Getting a sports event sponsor to enthusiastically adopt a zero waste strategy can be a tremendous opportunity, but achieving it requires time and patience. “We always say, allow partners time to change,” says Alice Henly with the Green Sports Alliance. “Try not to set strict goals too early, but to open a dialogue. With many initiatives, it takes one to five years to roll out new product lines, so the dialogue is the important starting point.”

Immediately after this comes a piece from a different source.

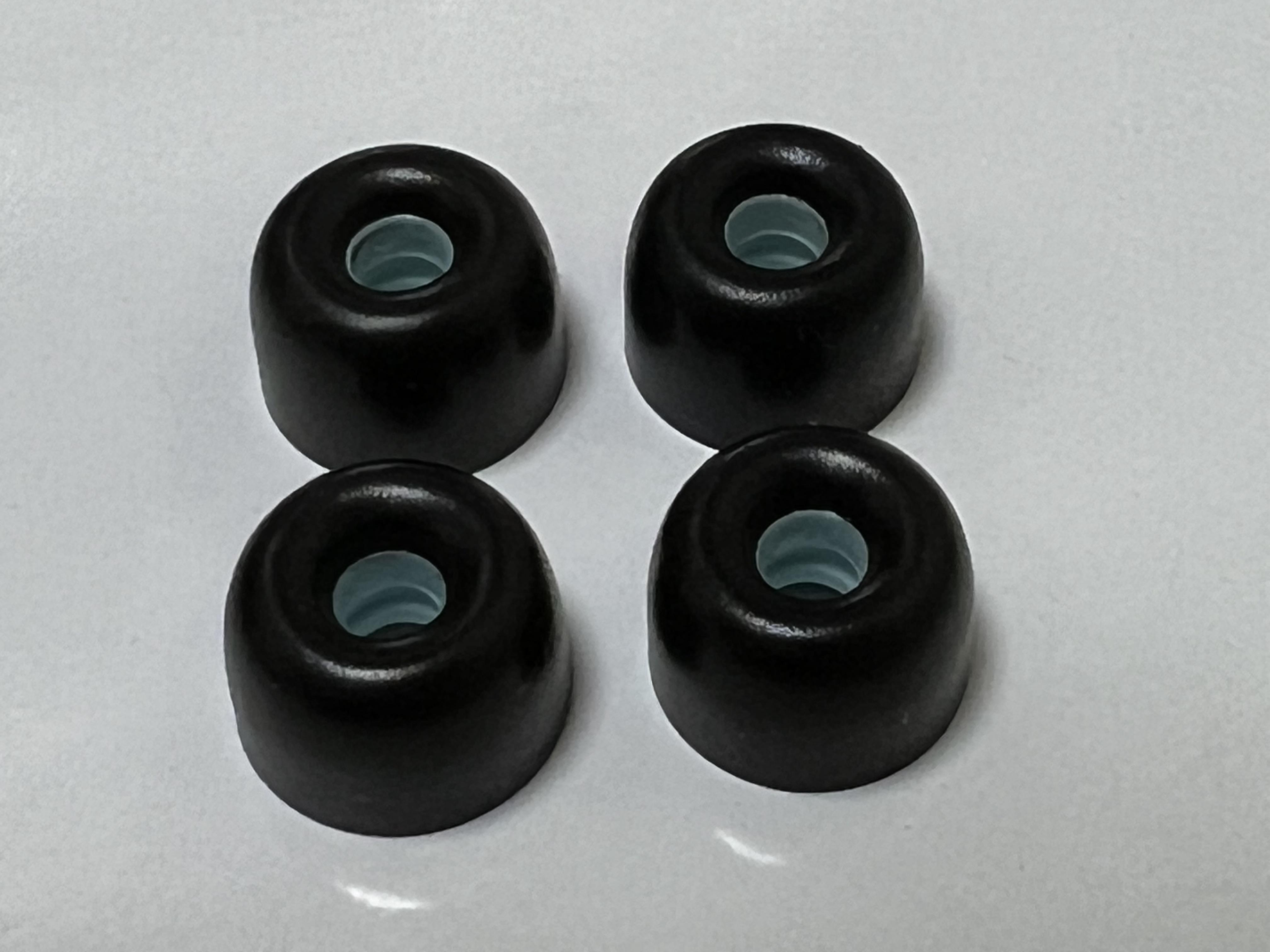분명 L 사이즈로 2조를 시켰는데 사진을 찍어 봤더니 오른쪽 뒤편의 폼팁의 크기가 M 사이즈 같아 보이기만 합니다. 육안으로 보면 4개의 폼팁 사이즈가 조금씩 모두 다르다는 것을 알 수가 있는데요, 사진상으로는 왼쪽 편의 위아래가 L 사이즈로 보이고, 오른쪽 아래는 M-L 중간 사이즈, 그리고 오른쪽 위는 M 사이즈 같기만 합니다. 아무래도 품질이 고르지는 못한 모양입니다.

A packaging take-back program may be instituted in 2016 at the Big Sur International Marathon (starting line, left). Photos by Alheli Curry and Rob Hallock, Big Sur International Marathon

The possibility of reengineering energy gel packets is a case in point. The Offset Project in Monterey, California, which handles sustainability practices for the Big Sur International Marathon, engaged in discussions with GU Energy Labs to consider a change to the packets. Though this hasn’t yet happened, GU responded by developing an upcycling program for its used disposable foil packets with Terra Cycle, a New Jersey-based company that accepts hard-to-recycle materials. For next year’s Big Sur marathon, the long-time sponsor proposes to set up a table and hand out one free, full packet for every five empty ones runners bring in. “This should help cut down contamination in our waste stream and raise awareness among runners on our diversion process and our upcycling program for the packets through Terracycle,” says Abbie Beane of The Offset Project. Other changes are easier, she adds. AT&T ProAm sponsor Outback Steakhouse, which did not comply with the zero waste policy in 2014, brought in some certified compostable foodservice ware in 2015 after it was requested.”